Once birds achieved high accuracy on their behavioral task, they underwent surgery to implant the microdrive and allow for the recording of single units from their auditory forebrain. Birds were anesthetized with isoflurane, and an incision was made in the scalp to expose the skull. A small opening in the top layer of the skull was made to allow visualization of the bifurcation of the Y sinus. This location was used to determine the proper stereotaxic coordinates for targeting the CM (Fig. 1C) 2,500 μm rostral and 500 μm lateral (all birds had implants to the left hemisphere). A small craniotomy was placed dorsal to the target location, and the dura was resected to expose the brain's surface over the target region. A layer of silicone gel (3-4680, Dow Corning, Midland, MI; Jackson and Muthuswamy 2008) was applied to act as an artificial dura, which sealed the entire durotomy and lower portion of the craniotomy. Two smaller craniotomies were made roughly 3 mm bilaterally from this main craniotomy and similarly sealed with artificial dura.
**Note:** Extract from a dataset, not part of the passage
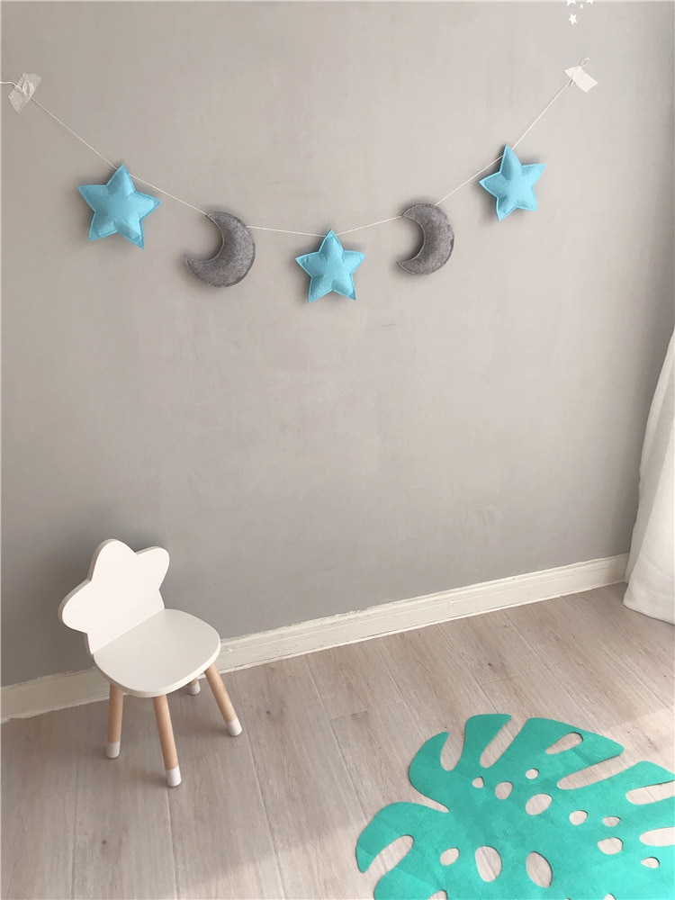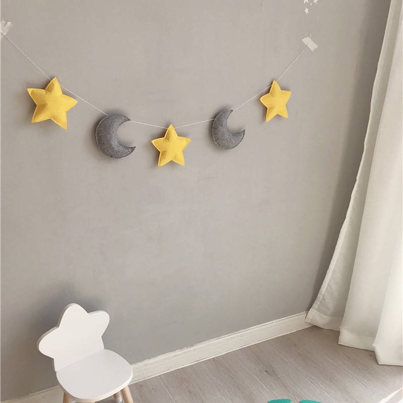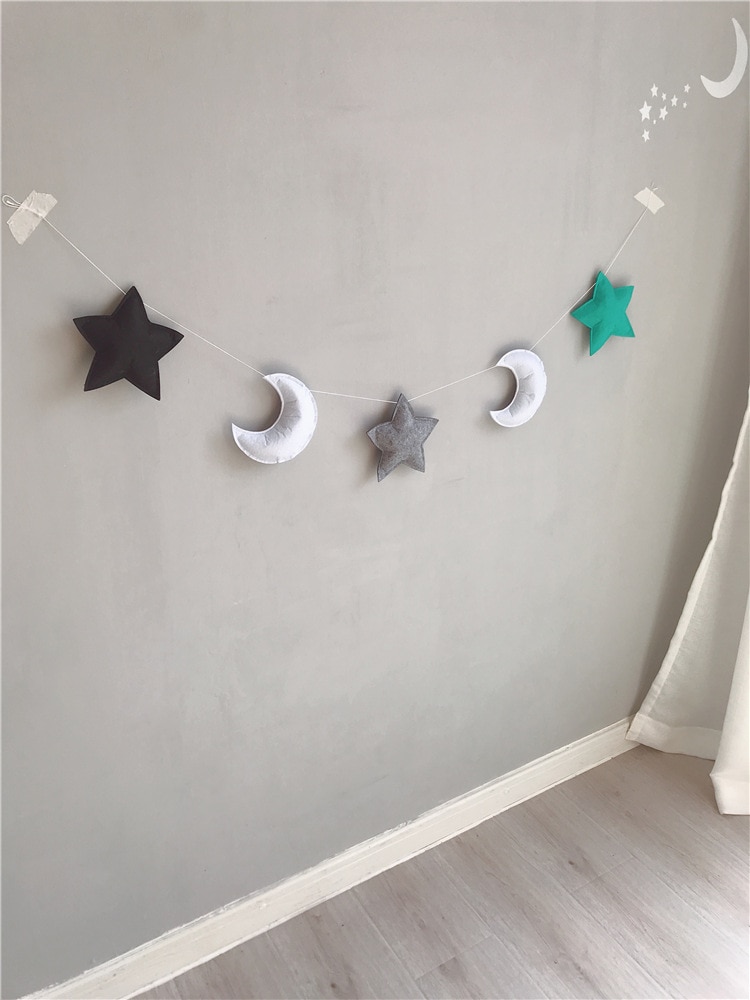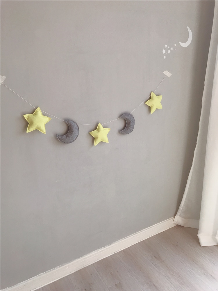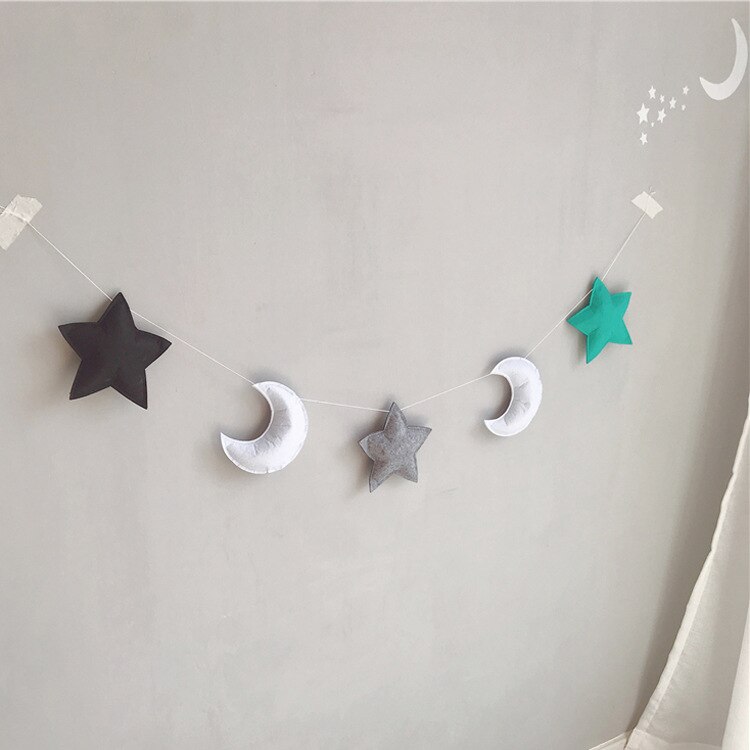 [Name]: Ins Nordic style star moon decoration[Material]: felt + cotton thread[Specifications]: about 1.5 meters

These allowed the implantation of a reference electrode (custom 0.003-in.-diameter PtIr wire, etched to a point and glass coated to an impedance of ∼1.5 MΩ, 2–4 mm in length) and a ground electrode (custom 0.003-in.-diameter PtIr wire, etched to a point and uninsulated, 2–4 mm in length) These secondary electrodes were patched to the connector on the main electrode array via a fine PVC-insulated wire (Pacific Wire and Cable, Santa Ana, CA) soldered in place prior to implantation. The microdrive, fitted with an electrode array, was then screwed into the base plate, and the entire assembly was lowered into place over the skull so that the vertical trajectory of the electrode shank lined up with the durotomy dorsal to the target of interest. The base plate was then attached to the skull with adhesive and dental acrylic. Once the dental acrylic hardened, the electrode array was slowly lowered into the brain, by turning the control knob on the microdrive, to a depth of ∼500–800 μm, dorsal to the CM target area. The outer housing of the microdrive assembly was screwed into place, the electrode connector was mated to the headstage attached to the outer housing, and the bird was allowed to recover with free access to food and water until the start of recording.
Recording procedure.
Recording sessions started by attaching the top of the headstage to the bottom of the motorized commutator via the tether described above. The output of the commutator was attached to a multichannel amplifier (either a Plexon PBX2 preamplifier or a model 3600 16-channel microelectrode amplifier, A-M Systems, Sequim, WA). The amplifier provided between 2,000× and 10,000× gain and band-pass filtered the signal (low cutoff: 300–500 Hz; high cutoff: 5–8 kHz). The output of the amplifier was sent to a CED Power 1401 analog-to-digital converter that could provide an additional amplification of the signals by up to 10× and digitized each channel at 19–25 kHz with the custom-written Spike2 scripts.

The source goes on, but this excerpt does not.